J’ai refusé d’abord que l’on me prenne mon ADN, puis, devant la menace de prolongement de garde à vue ainsi qu’une très forte amende et un emprisonnement, j’ai finalement accepté, ce qui va à l’encontre de mon opinion: je considère que je n’ai rien commis qui justifie que mon code génétique soit saisi sur un fichier, et conservé à vie. Aujourd’hui, mercredi 28 janvier, je suis encore sous le choc des événements, je suis fatiguée nerveusement et présente encore des bleus et contusions aux maxillaires, au cou, aux poignets, aux bras, aux épaules et aux jambes.
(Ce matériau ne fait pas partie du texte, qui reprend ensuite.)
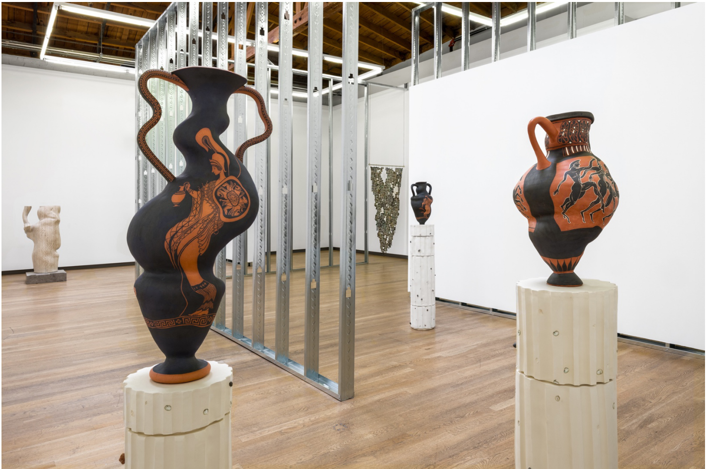
Cammie Staros: Monster in the Maze , September 16–October 28, 2023. Shulamit Nazarian, Los Angeles.

For her exhibition Monster in the Maze , Cammie Staros has transformed the normal pathways of the gallery into a maze-like display consisting of bare metal studs and a number of new walls of mixed heights which direct the viewer's trajectory. This labyrinth not only segments the exhibition, but also allows for unusual sight lines and juxtapositions. As Staros presents three different kinds of works, all based on classical Greek artifacts (vessels, coins, marble sculptures), the display comments on the ways archeological relics and classical sculptures are presented in museums.
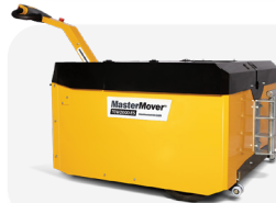
TOW2000 ES Moves up to 44,000 lbs.
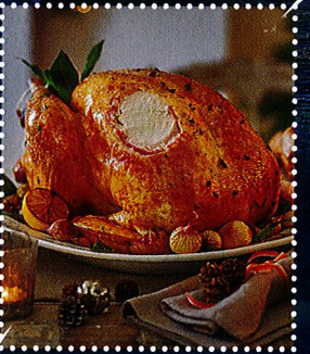
EASY BIG DAY TURKEY MENU
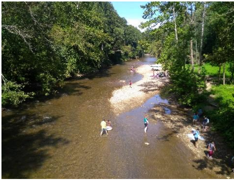
Patapsco Valley State Park
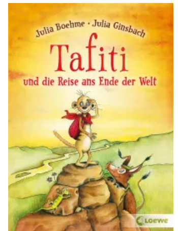
Tafiti und die Reise ans Ende der Welt (Band 1) Special Edition

Learning with Tafiti – Counting from 1 to 10 Paperback
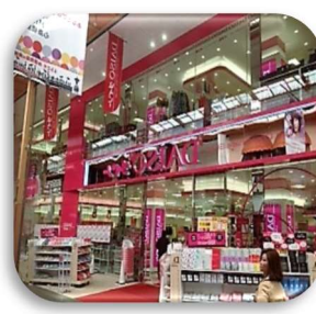
Ever popular Daiso
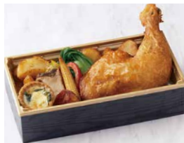
Confit Chicken Leg and Assorted Appetizers
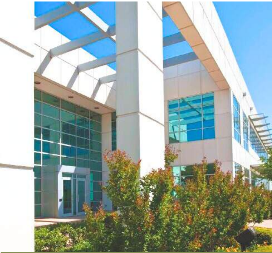
Ample surface parking for employees and visitors
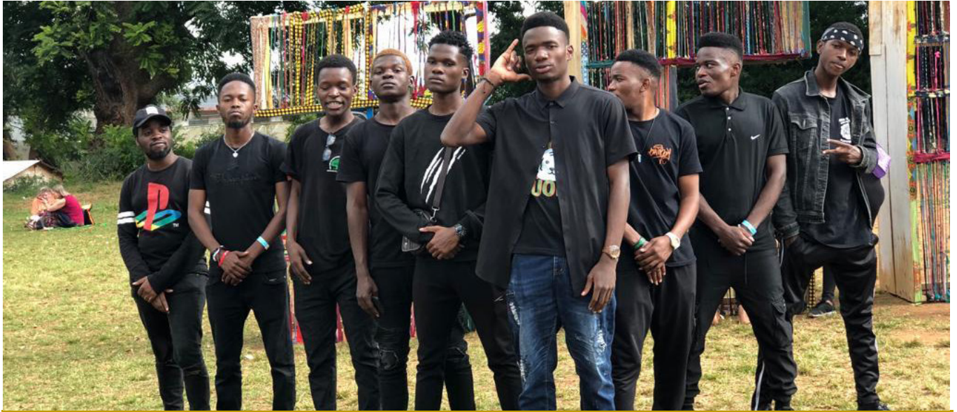
Members of Dance for Change Club

The 2023 Zomba City Festival, which celebrates cultural heritage and the natural beauty of the old capital took place from 28th April, 2023, to 1st May, 2023. During those days, people enjoyed different forms of entertainment and art appreciation. Different students from the University of Malawi had the chance to showcase their skills during this event. Most notable among these performers were students from the Writers Workshop and the Dance for Change Club.
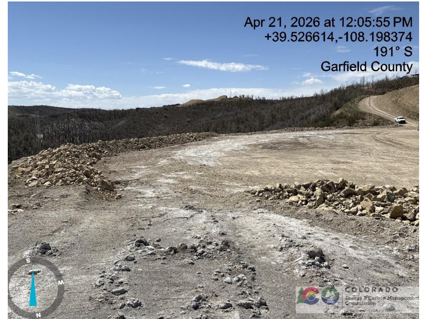
Photo # 1390 Cuttings/E & P waste has migrated onto & across location/not in compliance with CECMC Rules
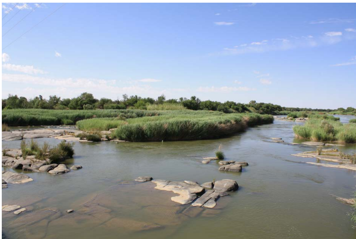
Illustration 2: The Orange River is South Africa's largest river, carrying 22% of the country's total river flow. 20

The first recorded modern dam was built in 1660 to supply water to Dutch trade ships travelling to and from the West Indies and held around 2 000 m 3 of water. 21 As European settlers began to trek further inland over the next century the frontier expanded ever northwards and eastwards. Settlement was mostly concentrated around groundwater springs and a few perennial rivers. 22 Springs were later dammed to provide water for livestock while furrows were led from streams to irrigate household gardens and small plots. 23
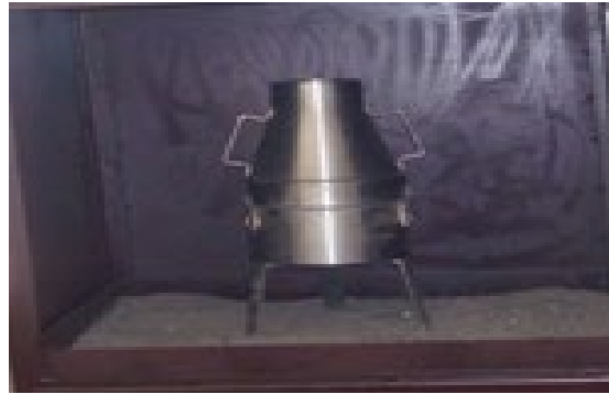
Fig 1: Laboratory SHS installation

sand, recesses were made, where a sample of the charge consisting of the initial mixtures of the stoichiometric composition was placed. The pre-mixed charge was placed in a pit of quartz sand and closed with a conical cover. In the center of the sample the initiator (Ti+C) was filled. Combustion was carried out by means of a tungsten spiral heated by electric current from the upper end of the sample. Under these conditions, a chemical reaction is excited in the surface layers of the mixture and a combustion wave is formed, propagating at a constant speed along the entire length of the sample, i.e., there occurs a SHS. The combustion proceeds during 10...15 sec. within the temperature range of 2300...2500°C. When cooling the combustion products, a porous mass is formed as a result of whose grinding the powder is obtained.
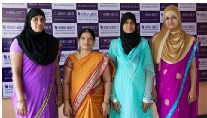
TEACHING STAFF CHANDRAYANGUTTA

Je me considère comme ayant subie des violences injustifiées, de la torture physique et suis profondément choquée psychiquement.
Lors de mon passage à l’hôpital j’ai montré au médecin, qui les a constatées, les marques profondes qu’avaient laissé les menottes à mes poignets, les marques sur mes épaules, mes bras et mes jambes ainsi qu’à mon visage. J’ai aussi expliqué que j’étais en état de choc d’avoir été violentée et humiliée, qu’il s’agissait d’une erreur policière. j’ai demandé au médecin de ne pas me laisser retourner en cage mais il a refusé.
Lors de l’ouverture de mon dossier au matin, j’ai demandé à visionner les images de mon arrestation, imaginant bien qu’elle a été filmée par une caméra, ayant eu lieu place de la Nation. On m’a répondu qu’il n’y avait pas de caméra, ce que je demande à vérifier. Je réfute le fait d’avoir tiré la langue aux policiers et de, comme écrit sur ma convocation, « avoir craché au pied du policier ». J’affirme que je n’ai PAS PU cracher au pied du policier puisqu’il était dans sa voiture à ce moment-là. J’ai craché à mes pieds alors que la voiture de police n’était pas encore arrêtée à mon niveau. Je n’ai aperçu les policiers qu’au moment où ils se sont arrêtés et ont surgi de la voiture. Il s’agit donc d’un mensonge des policiers, qui m’ont tout simplement agressée. Maintenant je dois justifier de m’être défendue. Malheureusement c’est ma parole contre leur assermentation, et je suis considérée comme en état d’ivresse (alors que j’avais tous mes esprits). Mauvais pour moi.